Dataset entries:
------------------------------------------------------------

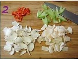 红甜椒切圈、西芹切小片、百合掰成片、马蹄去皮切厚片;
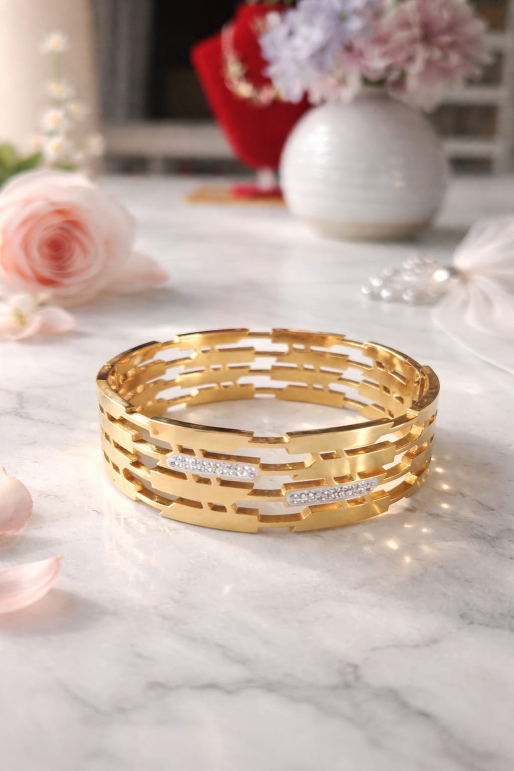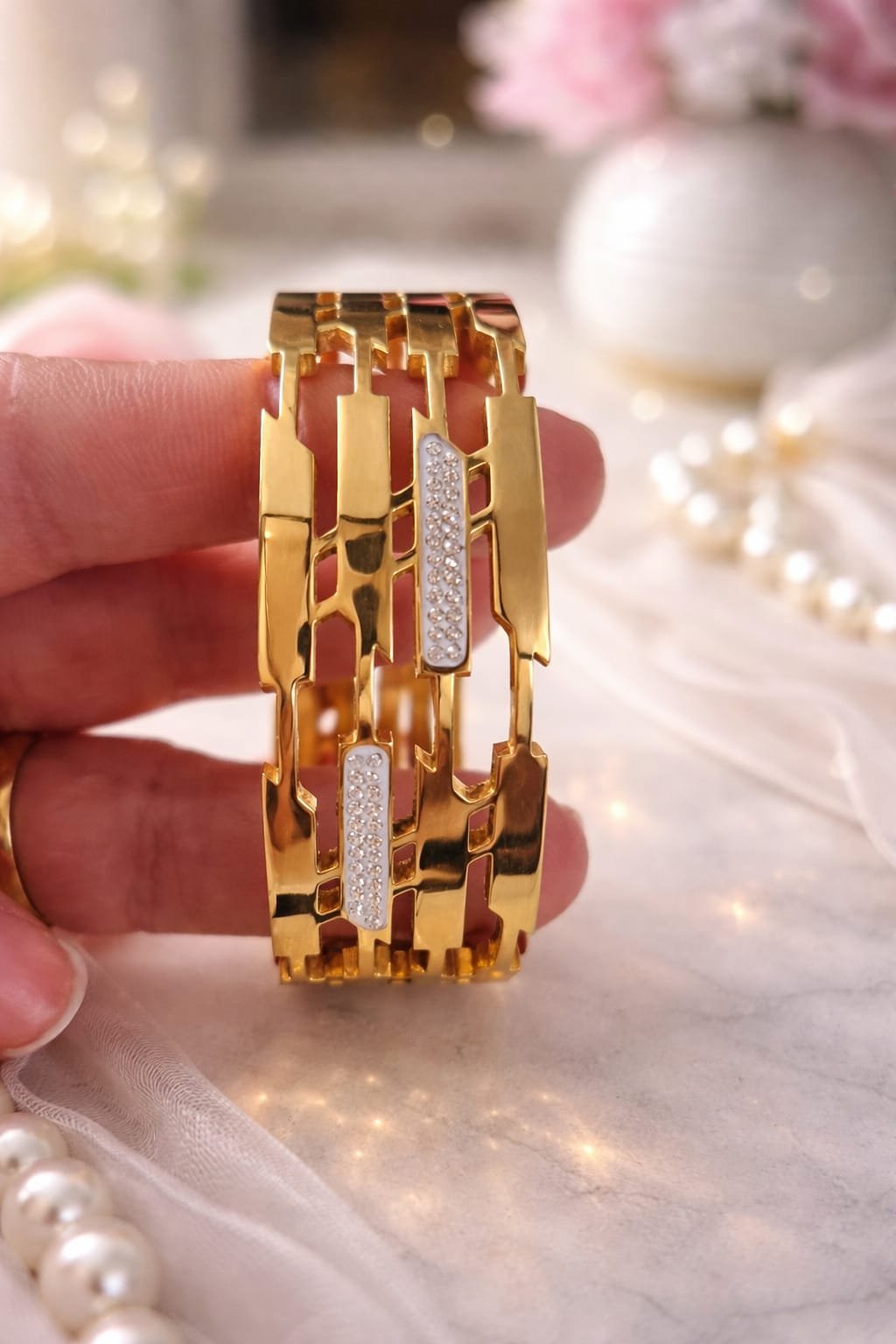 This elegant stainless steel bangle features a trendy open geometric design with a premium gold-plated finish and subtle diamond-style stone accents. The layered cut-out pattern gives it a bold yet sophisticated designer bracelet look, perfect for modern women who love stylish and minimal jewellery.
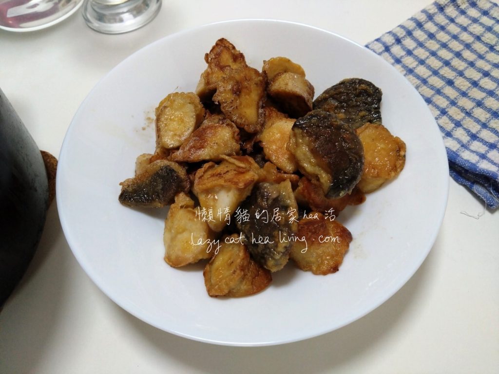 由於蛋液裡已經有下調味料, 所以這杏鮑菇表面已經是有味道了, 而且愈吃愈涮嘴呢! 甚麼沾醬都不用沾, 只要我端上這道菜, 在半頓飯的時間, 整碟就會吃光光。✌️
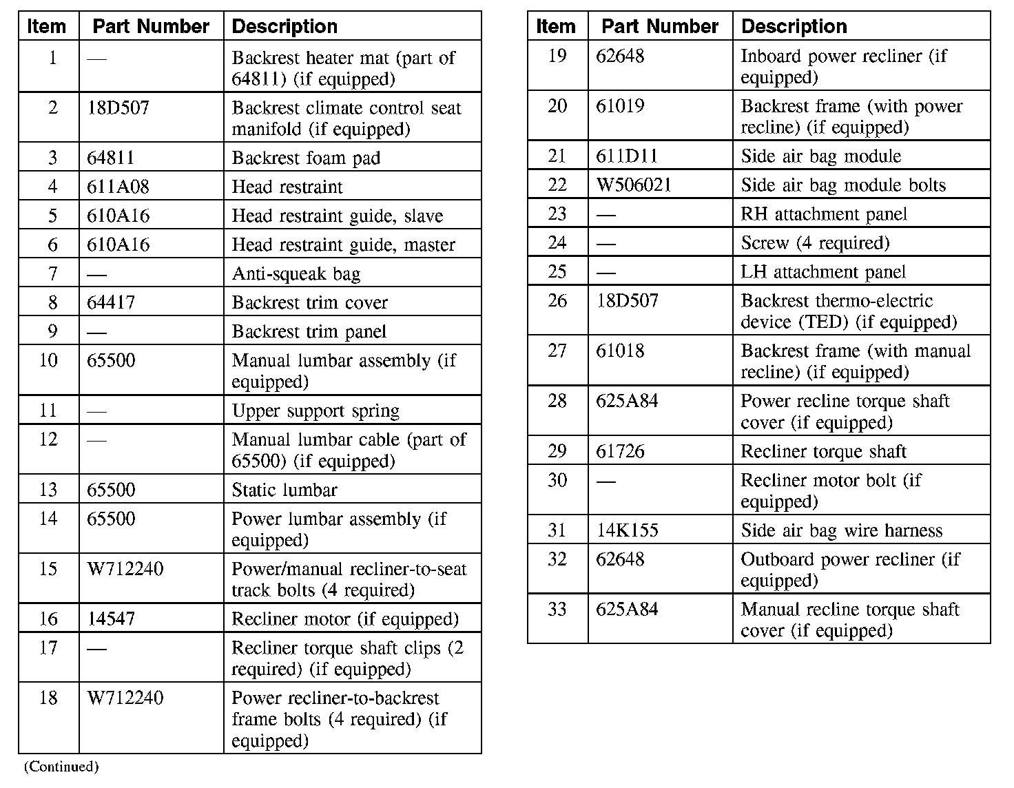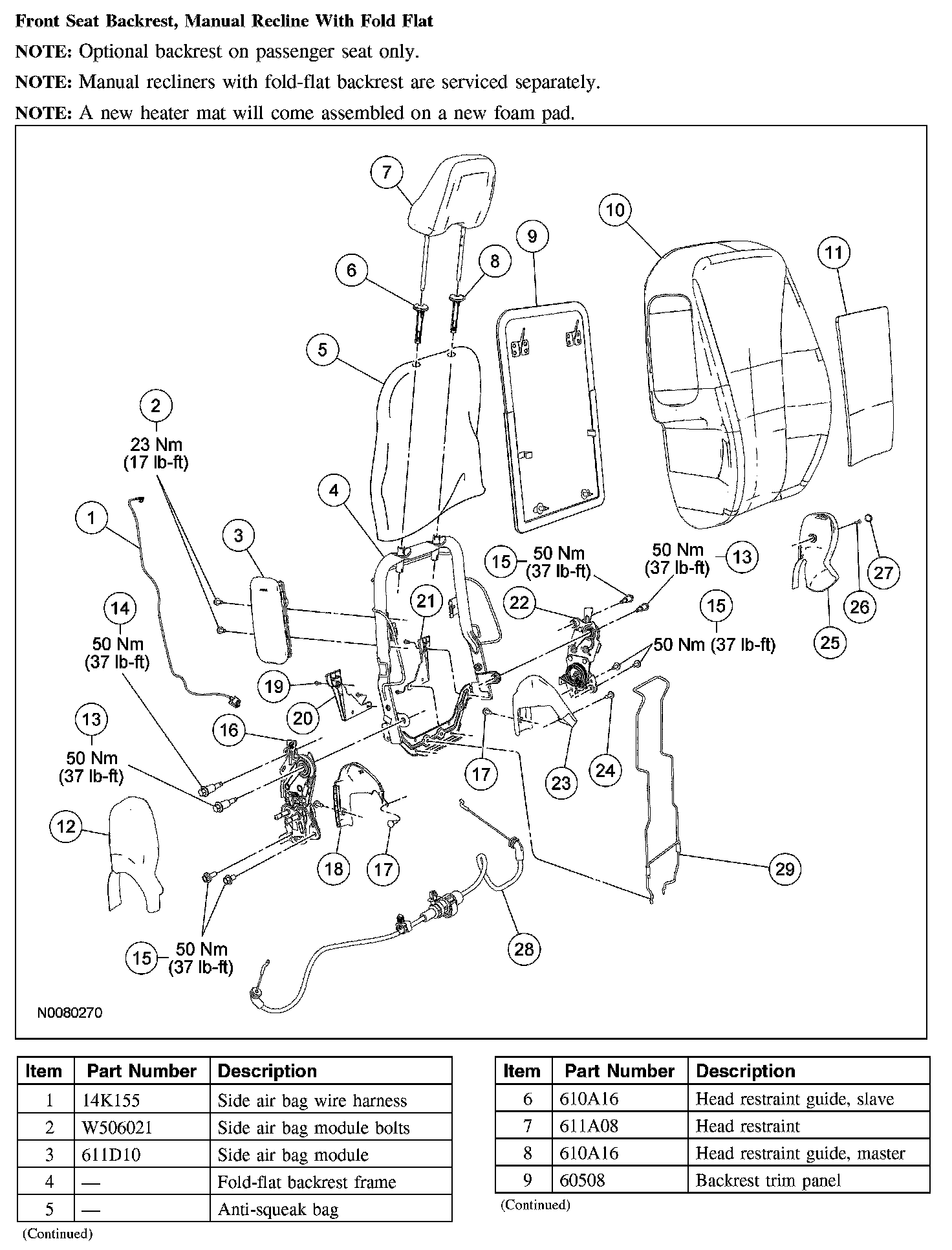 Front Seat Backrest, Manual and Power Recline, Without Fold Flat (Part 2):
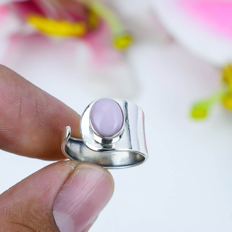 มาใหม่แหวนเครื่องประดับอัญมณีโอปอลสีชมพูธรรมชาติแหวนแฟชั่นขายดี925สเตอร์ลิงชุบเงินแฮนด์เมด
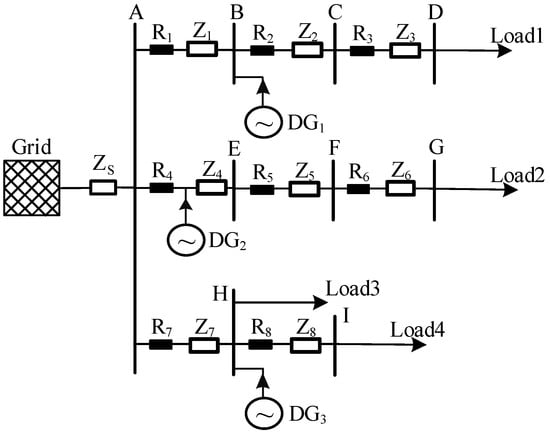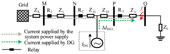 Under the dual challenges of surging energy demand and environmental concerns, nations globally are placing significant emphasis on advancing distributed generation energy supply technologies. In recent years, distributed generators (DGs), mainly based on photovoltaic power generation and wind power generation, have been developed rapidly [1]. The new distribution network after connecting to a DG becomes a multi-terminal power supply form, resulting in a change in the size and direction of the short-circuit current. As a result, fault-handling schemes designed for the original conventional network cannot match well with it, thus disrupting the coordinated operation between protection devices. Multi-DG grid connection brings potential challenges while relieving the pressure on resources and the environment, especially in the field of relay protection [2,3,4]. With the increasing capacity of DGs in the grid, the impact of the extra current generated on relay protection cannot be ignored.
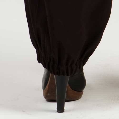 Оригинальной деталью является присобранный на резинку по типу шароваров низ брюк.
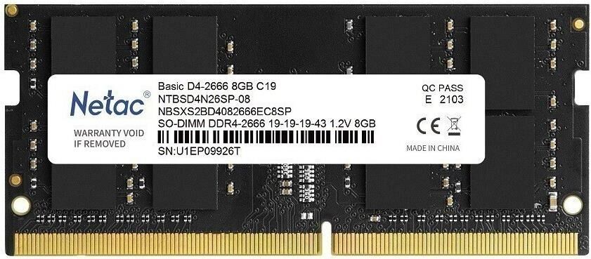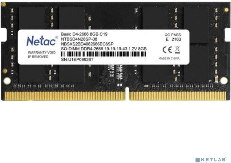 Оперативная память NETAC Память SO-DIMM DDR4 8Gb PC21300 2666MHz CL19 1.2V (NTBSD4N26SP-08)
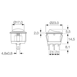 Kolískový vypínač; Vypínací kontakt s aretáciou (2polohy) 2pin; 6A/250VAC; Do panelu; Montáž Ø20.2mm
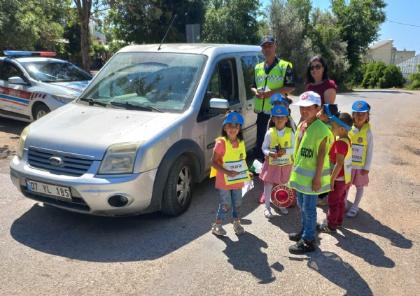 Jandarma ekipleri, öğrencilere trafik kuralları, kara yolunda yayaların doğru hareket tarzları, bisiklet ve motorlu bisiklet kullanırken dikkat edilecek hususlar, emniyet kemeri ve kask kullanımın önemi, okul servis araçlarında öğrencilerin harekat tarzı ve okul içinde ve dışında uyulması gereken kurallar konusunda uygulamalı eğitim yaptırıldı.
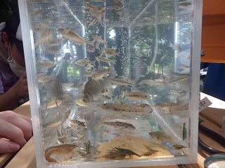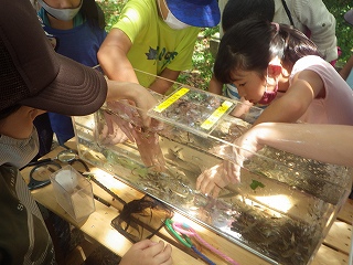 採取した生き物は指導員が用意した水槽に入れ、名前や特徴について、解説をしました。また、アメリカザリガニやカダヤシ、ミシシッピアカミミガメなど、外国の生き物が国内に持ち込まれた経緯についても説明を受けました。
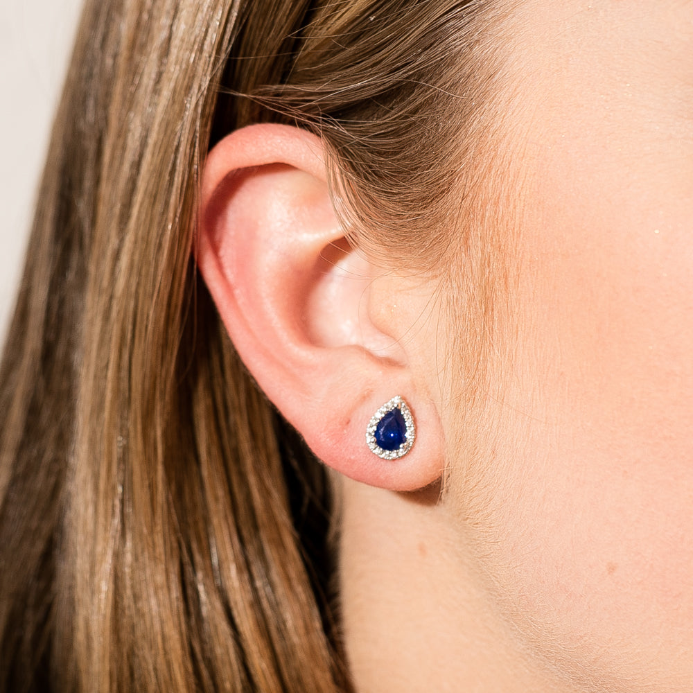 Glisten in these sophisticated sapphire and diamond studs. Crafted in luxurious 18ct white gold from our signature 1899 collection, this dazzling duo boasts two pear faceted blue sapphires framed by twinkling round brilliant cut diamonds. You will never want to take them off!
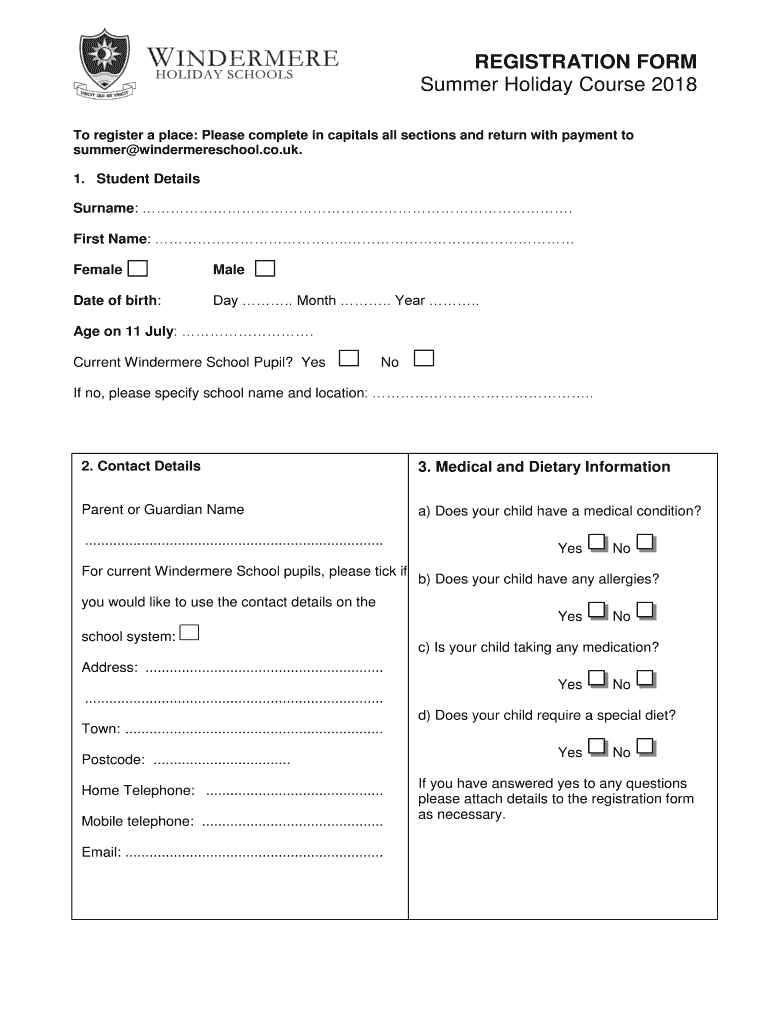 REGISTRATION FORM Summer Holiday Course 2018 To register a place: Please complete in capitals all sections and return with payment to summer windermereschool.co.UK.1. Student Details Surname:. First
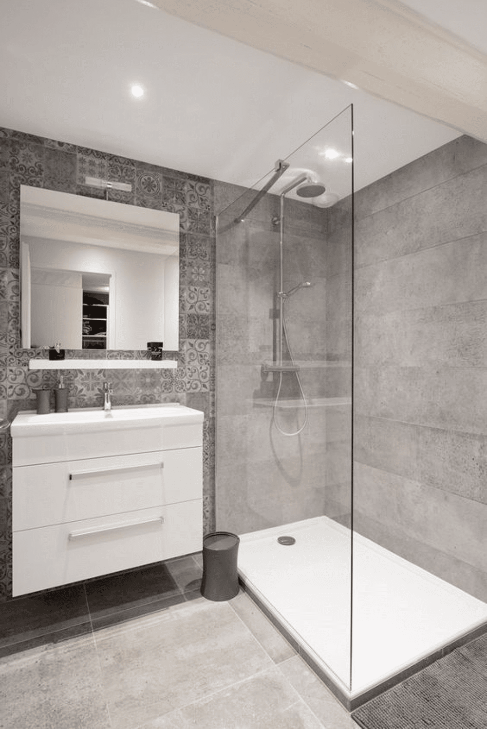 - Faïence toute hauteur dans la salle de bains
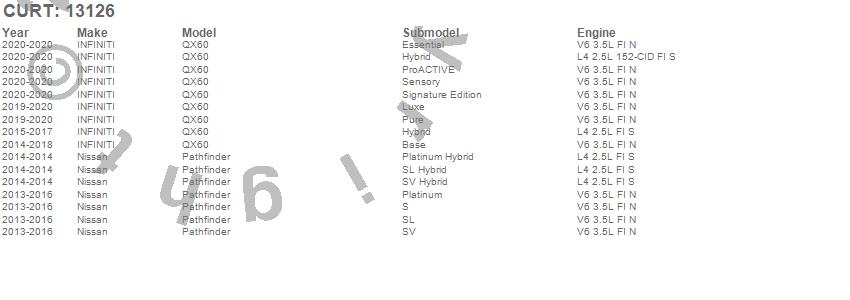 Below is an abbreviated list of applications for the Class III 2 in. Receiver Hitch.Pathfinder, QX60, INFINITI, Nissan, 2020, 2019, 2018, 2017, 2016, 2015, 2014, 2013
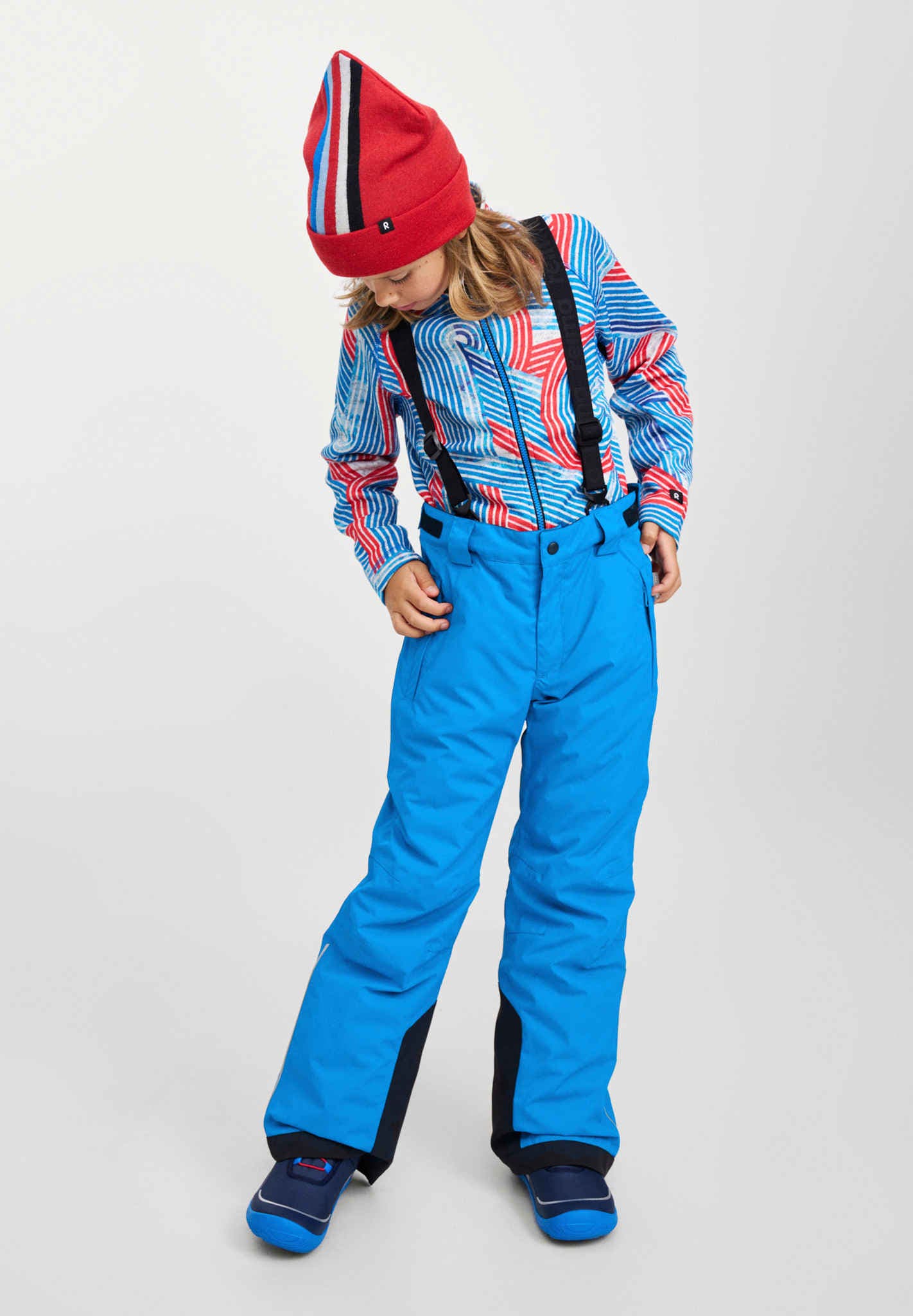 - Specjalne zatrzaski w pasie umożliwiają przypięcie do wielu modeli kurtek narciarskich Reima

------------------------------------------------------------

## Exercise description
When you reproduce the entries above, keep every word exact and leave the images out.

## Solution
 红甜椒切圈、西芹切小片、百合掰成片、马蹄去皮切厚片;
 This elegant stainless steel bangle features a trendy open geometric design with a premium gold-plated finish and subtle diamond-style stone accents. The layered cut-out pattern gives it a bold yet sophisticated designer bracelet look, perfect for modern women who love stylish and minimal jewellery.
 由於蛋液裡已經有下調味料, 所以這杏鮑菇表面已經是有味道了, 而且愈吃愈涮嘴呢! 甚麼沾醬都不用沾, 只要我端上這道菜, 在半頓飯的時間, 整碟就會吃光光。✌️
 Front Seat Backrest, Manual and Power Recline, Without Fold Flat (Part 2):
 มาใหม่แหวนเครื่องประดับอัญมณีโอปอลสีชมพูธรรมชาติแหวนแฟชั่นขายดี925สเตอร์ลิงชุบเงินแฮนด์เมด
 Under the dual challenges of surging energy demand and environmental concerns, nations globally are placing significant emphasis on advancing distributed generation energy supply technologies. In recent years, distributed generators (DGs), mainly based on photovoltaic power generation and wind power generation, have been developed rapidly [1]. The new distribution network after connecting to a DG becomes a multi-terminal power supply form, resulting in a change in the size and direction of the short-circuit current. As a result, fault-handling schemes designed for the original conventional network cannot match well with it, thus disrupting the coordinated operation between protection devices. Multi-DG grid connection brings potential challenges while relieving the pressure on resources and the environment, especially in the field of relay protection [2,3,4]. With the increasing capacity of DGs in the grid, the impact of the extra current generated on relay protection cannot be ignored.
 Оригинальной деталью является присобранный на резинку по типу шароваров низ брюк.
 Оперативная память NETAC Память SO-DIMM DDR4 8Gb PC21300 2666MHz CL19 1.2V (NTBSD4N26SP-08)
 Kolískový vypínač; Vypínací kontakt s aretáciou (2polohy) 2pin; 6A/250VAC; Do panelu; Montáž Ø20.2mm
 Jandarma ekipleri, öğrencilere trafik kuralları, kara yolunda yayaların doğru hareket tarzları, bisiklet ve motorlu bisiklet kullanırken dikkat edilecek hususlar, emniyet kemeri ve kask kullanımın önemi, okul servis araçlarında öğrencilerin harekat tarzı ve okul içinde ve dışında uyulması gereken kurallar konusunda uygulamalı eğitim yaptırıldı.
 採取した生き物は指導員が用意した水槽に入れ、名前や特徴について、解説をしました。また、アメリカザリガニやカダヤシ、ミシシッピアカミミガメなど、外国の生き物が国内に持ち込まれた経緯についても説明を受けました。
 Glisten in these sophisticated sapphire and diamond studs. Crafted in luxurious 18ct white gold from our signature 1899 collection, this dazzling duo boasts two pear faceted blue sapphires framed by twinkling round brilliant cut diamonds. You will never want to take them off!
 REGISTRATION FORM Summer Holiday Course 2018 To register a place: Please complete in capitals all sections and return with payment to summer windermereschool.co.UK.1. Student Details Surname:. First
 - Faïence toute hauteur dans la salle de bains
 Below is an abbreviated list of applications for the Class III 2 in. Receiver Hitch.Pathfinder, QX60, INFINITI, Nissan, 2020, 2019, 2018, 2017, 2016, 2015, 2014, 2013
 - Specjalne zatrzaski w pasie umożliwiają przypięcie do wielu modeli kurtek narciarskich Reima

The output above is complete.